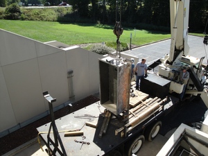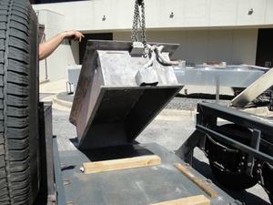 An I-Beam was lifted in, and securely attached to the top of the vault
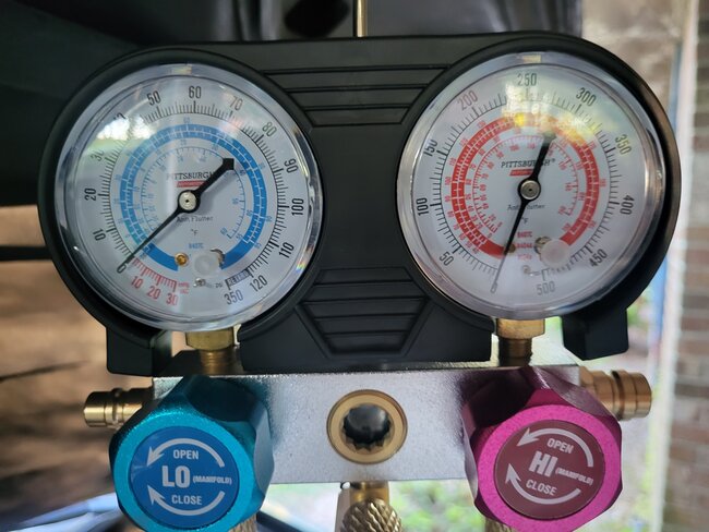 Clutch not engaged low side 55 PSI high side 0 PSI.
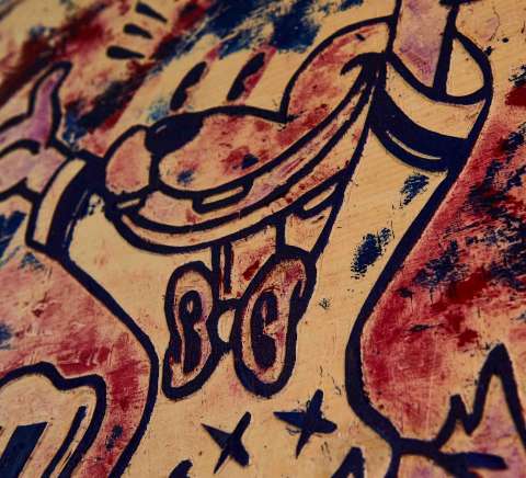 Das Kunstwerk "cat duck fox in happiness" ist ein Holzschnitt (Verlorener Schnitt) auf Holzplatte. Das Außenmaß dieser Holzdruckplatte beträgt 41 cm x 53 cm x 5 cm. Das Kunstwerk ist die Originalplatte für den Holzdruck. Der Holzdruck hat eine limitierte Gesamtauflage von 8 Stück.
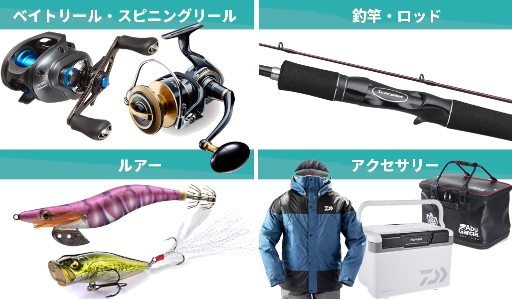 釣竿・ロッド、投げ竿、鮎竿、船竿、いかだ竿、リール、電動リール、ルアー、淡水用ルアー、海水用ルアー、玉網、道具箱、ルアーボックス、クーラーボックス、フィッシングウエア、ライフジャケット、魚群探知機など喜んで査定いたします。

▸ YOUR TASK
Your task is an exact transcription of all the data, minus the pictures.

▸ RESPONSE AREA
 An I-Beam was lifted in, and securely attached to the top of the vault
 Clutch not engaged low side 55 PSI high side 0 PSI.
 Das Kunstwerk "cat duck fox in happiness" ist ein Holzschnitt (Verlorener Schnitt) auf Holzplatte. Das Außenmaß dieser Holzdruckplatte beträgt 41 cm x 53 cm x 5 cm. Das Kunstwerk ist die Originalplatte für den Holzdruck. Der Holzdruck hat eine limitierte Gesamtauflage von 8 Stück.
 釣竿・ロッド、投げ竿、鮎竿、船竿、いかだ竿、リール、電動リール、ルアー、淡水用ルアー、海水用ルアー、玉網、道具箱、ルアーボックス、クーラーボックス、フィッシングウエア、ライフジャケット、魚群探知機など喜んで査定いたします。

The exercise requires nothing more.